Employees often sign that these agreements at the start of employment, and usually they sign the agreement with at giving proper thought to the matter and without giving proper thought to the consequences of signing such an agreement. Usually, the rationale behind the signing is simply " I signed the because I needed the job."
The problem is that signing such an agreement for such an arbitrary reason will certainly have, in most cases, an adverse effect on the employee's future employment with other employers, and on the employee's career advancement. Employees should never sign such agreements without first obtaining professional opinion, by consulting an attorney who specialises in the Law of Contract, to assess the agreement and give a professional opinion.
Re-location of Business.
My employer is re-locating the company from Pretoria to Johannesburg. I live in Pretoria. Must the employer increase my salary to cover the extra cost of travelling from Pretoria to Johannesburg and back to Pretoria every day ?
Answer – there is no obligation on the employer to do this – it is a matter that must be negotiated between the employee and the employer.

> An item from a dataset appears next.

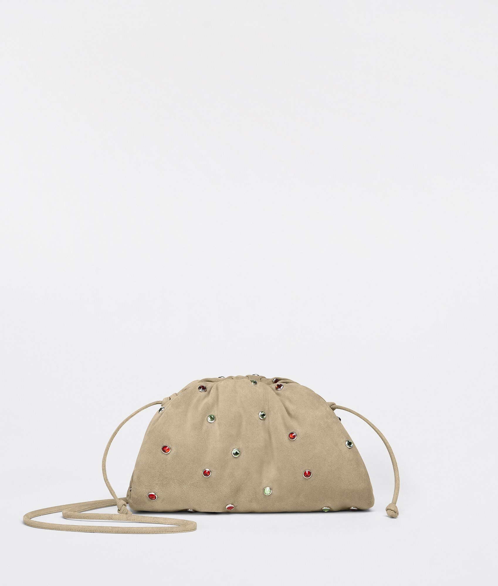 • Mini suede and rhinestones • Single compartment • Magnetic frame closure Material: 100% Calfskin • Lining: Suede • Color: Sesame • Hardware: Gold finish • Height: 13 cm | 5.1" • Width: 22 cm | 8.6" • Depth: 5 cm | 1.9" • Strap drop: 66 cm | 25.9" Made in: italy

My employer is re-locating the company from Pretoria to Johannesburg. I live in Pretoria and if I have to work in Johannesburg, I will have a huge problem in fetching my children from the after-school care centre in Pretoria by 5 pm. Travelling from Johannesburg every day at 4.30 means I won't get to Pretoria until about 6 pm or later. The after-school care centre closes at 5 pm, and they are not prepared to wait for me. In addition, it is simply not practical for me to arrive home at 7 pm or later every day, cook dinner, see to the kids etc.
What can I do?
In terms of labour legislation, the re-location of the business if probably for operational requirements. Since you are unable to now comply with the new operational requirements of the business, the employer would have to retrench you.

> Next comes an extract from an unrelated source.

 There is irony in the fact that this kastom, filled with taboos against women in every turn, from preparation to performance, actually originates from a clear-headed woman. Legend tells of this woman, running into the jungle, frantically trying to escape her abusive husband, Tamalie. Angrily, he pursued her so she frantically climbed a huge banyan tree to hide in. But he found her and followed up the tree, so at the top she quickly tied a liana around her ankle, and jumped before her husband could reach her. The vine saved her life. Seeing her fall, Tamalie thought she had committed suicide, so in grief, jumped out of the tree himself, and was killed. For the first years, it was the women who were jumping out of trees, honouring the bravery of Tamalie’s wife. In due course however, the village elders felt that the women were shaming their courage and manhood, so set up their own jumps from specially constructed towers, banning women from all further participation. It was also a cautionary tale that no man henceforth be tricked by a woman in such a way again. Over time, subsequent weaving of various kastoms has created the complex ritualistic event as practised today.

Harassment, intimidation, victimization.
It often happens that when an employer wishes to "get rid of" and employee, he adopts tactics that create extremely unpleasant or unacceptable working conditions, in hopes that the employee will resigned. It also happens sometimes when an employee has already resigned, and the employer is extremely annoyed because "the employee is ungrateful", or the employee "has left me in the lurch", and the employer is determined to exact revenge on the employee before they actually leave.
This may take many different forms - it could involve spreading malicious rumours about the employee or insulting them or degrading them, overloading them with work, continually picking on them, swearing at the employee, using foul and vulgar or abusive language towards the employee, and so on.

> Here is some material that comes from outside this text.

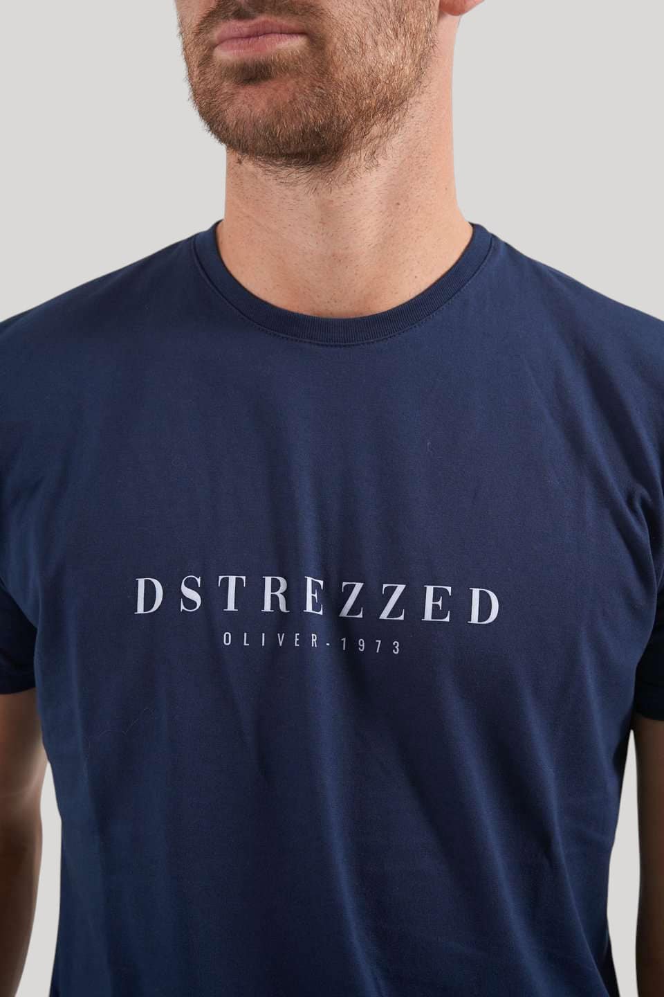 Remera de algodón azul marino modelo “DSTREZZED” con cuello redondo. Calidad jersey puro algodon 24/1 con logo estampado manga corta.

Whatever the case, it is unacceptable, and is a violation of the human rights of the employee and also a violation of the employee's right to be treated with dignity and respect. In fact, employers have a duty to protect their employees from harassment as opposed to subjecting employees to harassment.
The employee should keep a note of all incidents, noting the date and time, what the nature of the incident was, and the names of any witnesses. The harasser should then be confronted and a formal demand written made to the harasser that he immediately cease the unacceptable behaviour. The employee can state that should the harasser not cease the harassment, the employee will refer the matter to the CCMA for conciliation, and if that fails, the matter will proceed to the Labour Court.
Such correspondence will usually resolve the issue, because the harasser knows that he is out of line, and that his actions are unacceptable.